UNEB boss Dan Odongo.

Kampala, Uganda | THE INDEPENDENT | The Uganda National Examination Board-UNEB has said secondary schools which are not recognized as examination centres by the board will not be able to submit learners continuous assessment results in the new secondary curriculum.

Dan Odongo, the UNEB Executive Director revealed this development to Uganda Radio Network-URN on Wednesday.

The revised lower secondary curriculum, among other things, introduced formative assessment which contributes 20 per cent to the learner’s final results at the end of the learning cycle in Senior Four. According to the guidelines, scores obtained from the said assessment must be submitted regularly to the examination body.

Previously, the Ministry of Education and Sports had proposed that learners assessments be compiled with the help of the Education Information Management System. Under this system, a learner was to be given an identification number which could be used to track their performance even when they have changed schools before completion of the level of education.

Odongo noted that due to data integrity issues, the examination body has preferred using an in-house portal to manage learners continuous assessment results. He however notes that the portal which is already in existence, will only be open to schools which are recognized as examination centres. He adds that the law provides that only students attached to a UNEB examination centre are allowed to sit a national examination.

The executive director’s remark means unrecognized schools will not be able to transmit assessment scores of their learners yet learners without these marks cannot be allowed to sit the final examination.

In the 2021 examination cycle, UNEB has 3,935 registered examination centres- this includes annexes and centres outside schools such as community halls and public libraries. However, inspection reports issued by the ministry of education a few years ago indicated that private secondary schools had UNEB centres.

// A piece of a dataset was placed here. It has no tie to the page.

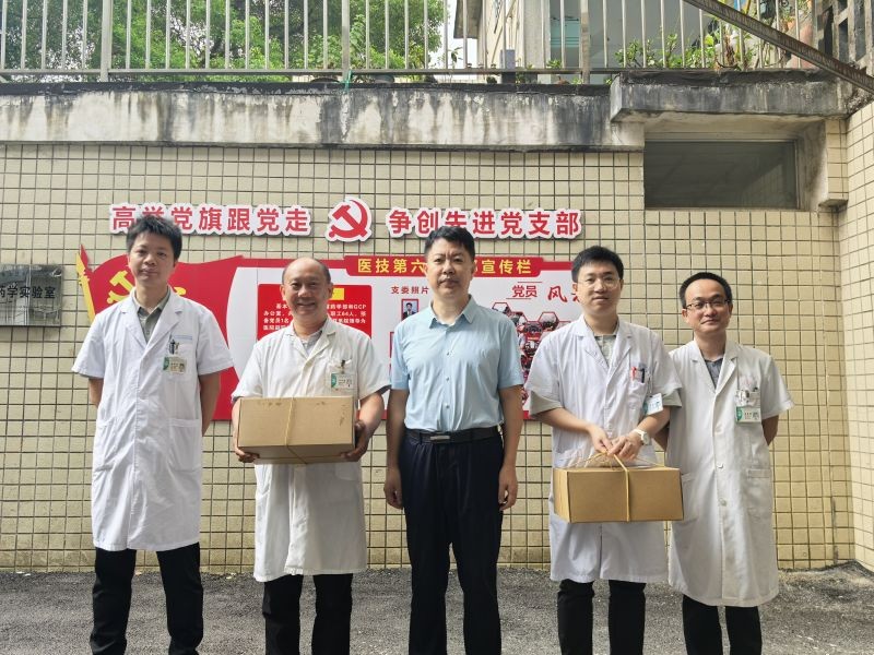 在第七个中国医师节到来之际,8月19日上午,广西壮族自治区南溪山医院举行了一场温馨而庄重的节日慰问活动。医院党委书记柳宏林与党委副书记、院长李朝旭带领医院党政领导班子成员及分工会委员,深入各科室,向辛勤奋战在一线的医务工作者致以最诚挚的节日问候,并亲手送上精心准备的慰问品,传递着满满的节日祝福与关怀。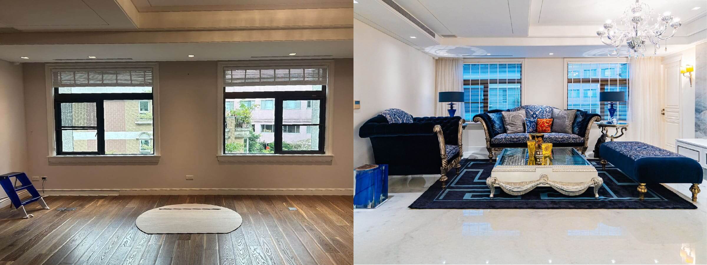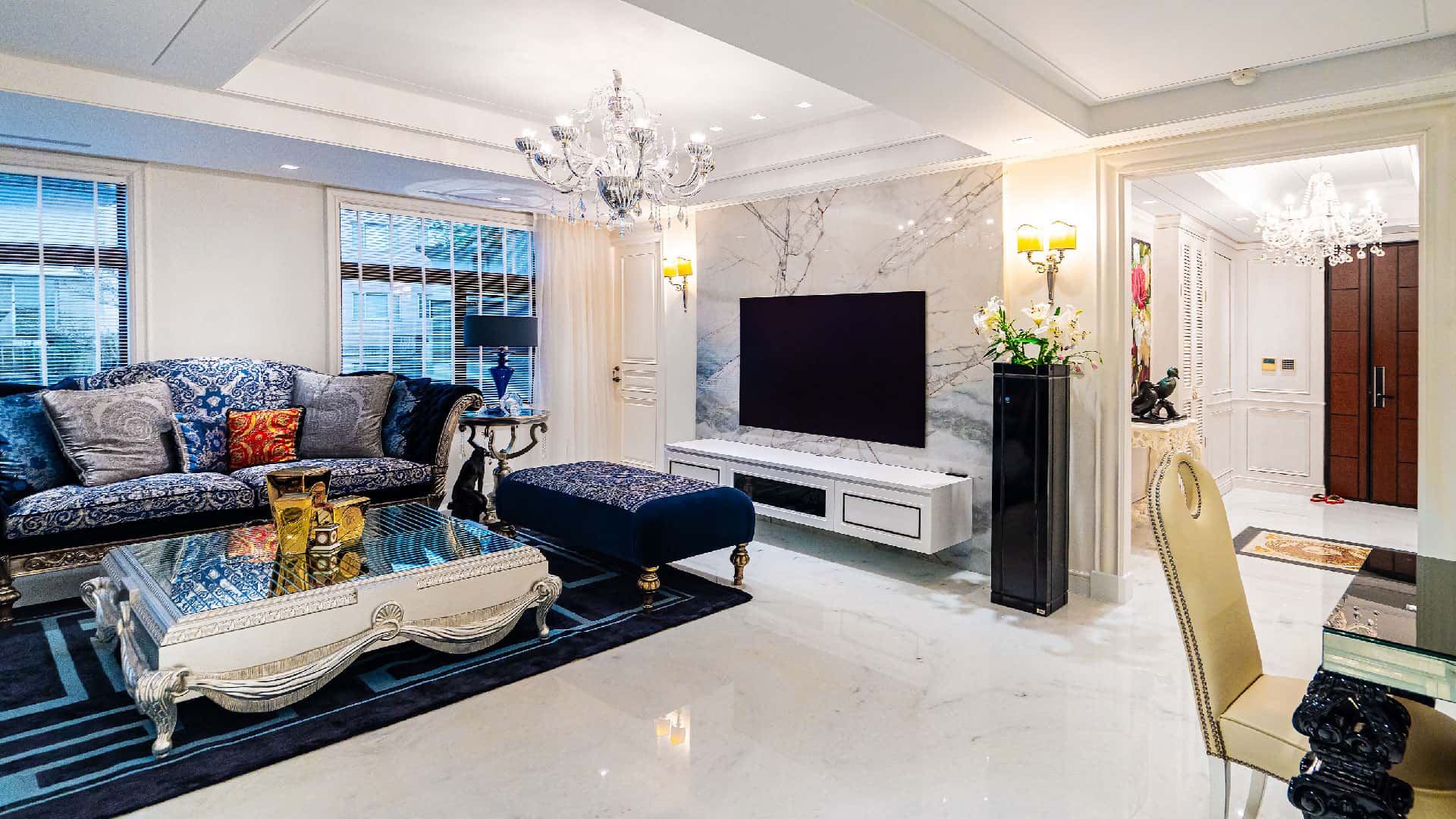 本案屋主為國際紡織產業企業主,同時也是Versace Home家具的長期收藏者,對於空間細節與材料選擇有相當明確的想法。這次購置的住宅為二手屋,在進行舊屋翻新時,設計團隊必須考慮如何保留原有家具、燈飾與裝飾收藏,同時讓整體空間符合現代住宅的生活需求。透過重新調整格局比例與動線,讓來自舊住宅的家具能夠在新的場域中找到合適的位置,也讓整體 信義區室內設計 呈現出更流暢的空間節奏。

For a school to obtain a UNEB centre, it must among other things have at least 12 full-time qualified registered teachers, have permanent structures and sufficient furniture and a hall that can accommodate a minimum of 50 candidates at the recommended spacing of candidates desks of at least 1.2 metres apart.

The school is also required to have two functional science laboratories each with the ability to accommodate at least 40 candidates under examination conditions and the ability to pay a non-refundable validation fee of 500,000 shillings.

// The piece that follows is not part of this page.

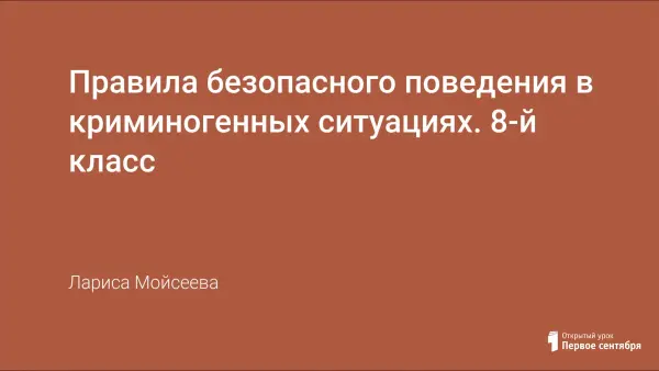 Цель урока: познакомить учащихся с правилами поведения в криминогенного ситуациях.
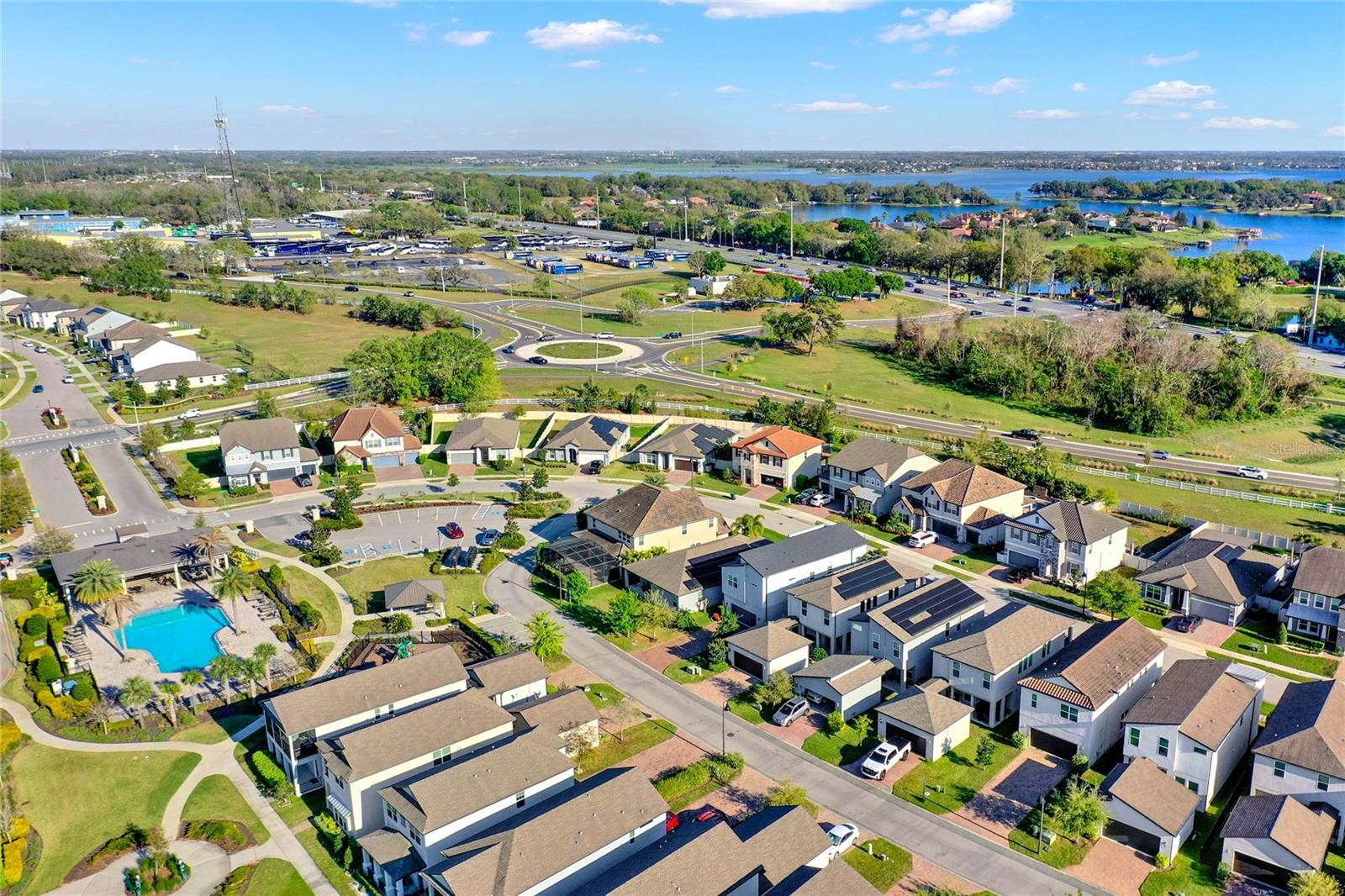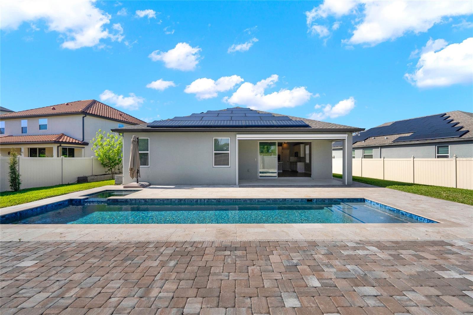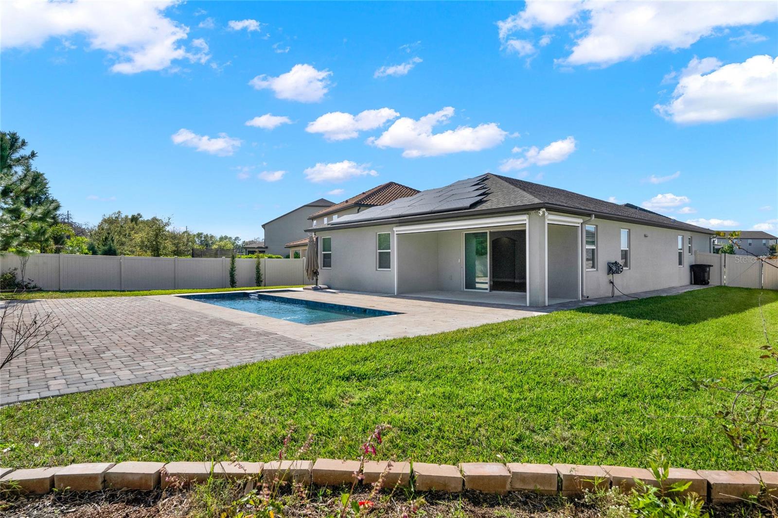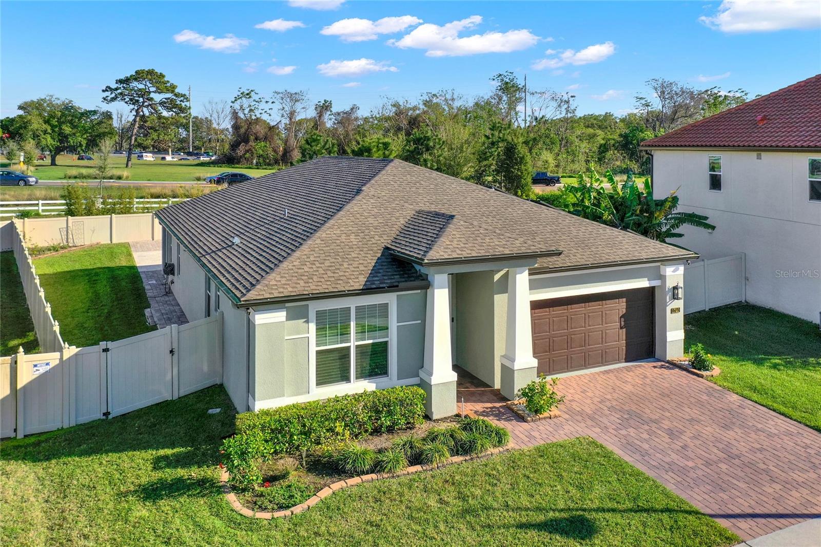 **Video Tour Available** Welcome to Oakland Trails which is situated on the West Orange Trail and in-between the popular downtowns of both Winter Garden and Clermont! This is a Meritage home that was built with beauty and energy efficiencies in-mind. The owners took it a step further by placing Tesla solar panels on the roof to easily support the whole-home and pool energy needs each month. There are 2 Tesla walls in the garage as well. The location of this home is ideal as it’s across the street from the community pool and mailboxes. Enter to find beautiful tile plank flooring, tray ceilings, and upgraded lighting fixtures. The gourmet kitchen has double ovens, a steam dishwasher, quartz countertops, tile backsplash and walk-in pantry. Entertaining is easy with the dedicated dining room which is spacious and still open to the kitchen and family rooms. Fill the home with sound as Sonos speakers were installed in the dining room and kitchen. Relaxation awaits in the primary suite with a luxurious garden tub, frameless shower with upgraded tile, dual vanities, dual walk-in closets and dedicated AC unit. The secondary bedrooms share a bathroom with a quartz countertop. The set of triple sliding glass doors extends the living space to the covered patio with automatic screens, heated and salt water lap pool, spa and spacious backyard. The French travertine tile is stunning and you’ll even find a fruiting Blue Banana tree! The garage has a dedicated AC unit as well, epoxy flooring and overhead storage. Additional upgrades include custom shelving in the laundry room, Ring doorbell, ADT security system and gutters. Oakland Trails is near the Turnpike and 429 so it’s easy to move around town. Don’t miss your chance to see this beautiful home!

With many schools cropping up more so in urban centres, the majority are unable to meet the qualification. However, Odongo advises that schools without center numbers can either privately register and coordinate assessments of their learners under another school as they have done in the past when registering candidates for national examinations, or they can work nonstop to meet the minimum requirements of obtaining a center number.

Although these school-based scores were meant to be submitted right from senior one, this did not happen since the curriculum was launched before most of the enabling mechanisms were in place.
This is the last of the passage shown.